# dLan-Adapter kühlen



## 98romi (24. April 2014)

Hallo PCGHX-Community, 

Gestern Abend hab ich mal die dLan-Adapter meines Vaters ausprobiert, da ich diese zum Zocken brauche und mein Vater diese mir dann schenken würde. 

Dabei taucht jedoch gleich das erste Problem auf:
Nach einer halben Stunde bricht die Verbindung ab.
Außerdem werden die dLAN-Adapter schnell relativ warm.
Mein Vater findet sie zu warm und hat gesagt, ich soll sie bloß nicht die ganze Nacht in der Steckdose stecken lassen, solange nicht eine anständige Lösung gefunden wurde.

Vielleicht besteht ja zwischen den Verbindungsabbrüchen der dLAN-Adapter und der Hitze ein Zusammenhang. 
Was meint ihr??

Also habe ich mir überlegt, nicht gleich neue zu kaufen, sondern diese hier erst mal mit Lüfter kühlen.

Ich habe noch ein paar 40mm-lüfter Zuhause.

Bringt das Kühlen was oder soll ich gleich lieber neue kaufen??

Allgemeine Infos:
Router: FritzBox 7390
dLAN-Adapter: Devolo 500 AV Mini

MFG, 98romi

Edit:
Fotos vom dLAN-Adapter sind im Anhang.


----------



## DaBlackSheep (24. April 2014)

*AW: dLan-Adapter kühlen*

Wenn, dann kauf dir lieber neue, ich würde an sowas nicht groß rumbasteln.
Das die warm werden hat seine Gründe im Netzteil welches darin verbaut sind,
die wandeln den Strom als Nebenprodukt gerne in Wärme um.
Ich kann mir aber nicht vorstellen, dass dies auf Dauer zu Schäden führt.
Die Teile müssten ja dafür ausgelegt sein, daher dürfte das auch nichts mit den Abbrüchen zu tun haben.

Zu Abbrüchen kann es auch kommen, wenn ein Gerät im Stromkreislauf Störungen verursacht.
Das kann alles mögliche sein.


----------



## 98romi (24. April 2014)

Ginge das, wenn ich die Lüfter nicht IN den Adapter baue, sondern AN den Adapter außen dran??

Wie man auf den Fotos sieht,  hat der Adapter ja sehr große Ritzen vorne und an der Seite.


----------



## mcmarky (24. April 2014)

*AW: dLan-Adapter kühlen*

Du kannst den Lüfter ruhig außen anbringen, an einer Seite genügt ja.
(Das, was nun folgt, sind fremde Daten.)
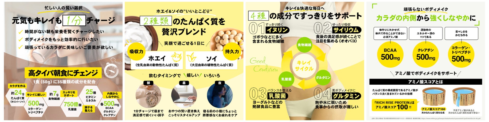 「RICH RISE PROTEIN」のコンセプトは、“カラダが喜ぶ 目覚めの一杯”。時間栄養学において、朝食は体内時計(一日の体のリズム)を整える鍵であると言われる一方、20~40代ではおよそ4人に1人、働き盛りの40代一人世帯では約43%が朝食を抜いている(※1)とのデータがあります。そこで本製品は、忙しい方でも元気やキレイの源を賢くチャージできるよう35種類の厳選成分を配合し、1食(50g)で1日に必要な栄養素の1/3を摂取できる(※2)よう企画しました。水や牛乳に溶かし、振って飲むだけの1分足らずで健康&美容に嬉しい成分をしっかり摂れるため、クイックで美味しい【高タイパ朝食】を探している方や、朝に限らず忙しさからつい食事が後回しになってしまう方、時間を賢く節約しつつ理想の自分に着実に近づきたい効率重視派の方に特にオススメです。

Ich habe die Devolo AV easy 200, die werden beim Zocken auch richtig warm bis heiß. Abbrüche gibt's aber nicht, eben German Quality. Teste doch mal mit der Devolo Software, wie hoch die Verbindungsgeschwindigkeit ist.

 Probier doch mal andere Steckdosen, evtl. läuft's dann stabiler.


----------



## ΔΣΛ (24. April 2014)

*AW: dLan-Adapter kühlen*

Ich habe mehrere solche Adapter dauerhaft eingesteckt, und hatte noch nie Verbindungs bzw Hitze Probleme.
Ich verwende aber nur 200er Modelle, über die neueren Modelle habe ich schon vieles Negatives gehört, wenn ich mein Dlan Netz ausbaue erwerbe ich nur 200er Modelle.


----------



## 98romi (24. April 2014)

Naja, aber den 500 AV mini hab ich halt schon Zuhause. 

Kann mir jemand andere dLAN-Adapter empfehlen, die nicht überhitzen und nicht fiepen, sodass man Kopfschmerzen bekommt??

Ich persönlich würde ja die devolo dlan 650er empfehlen, schließlich muss das Internet vom Keller in den 1.OG befördert werden und zusätzlich muss es noch durch einen anderen Sicherungskasten durch, da kommen die 200er wohl langsam aber sicher an ihre Grenzen.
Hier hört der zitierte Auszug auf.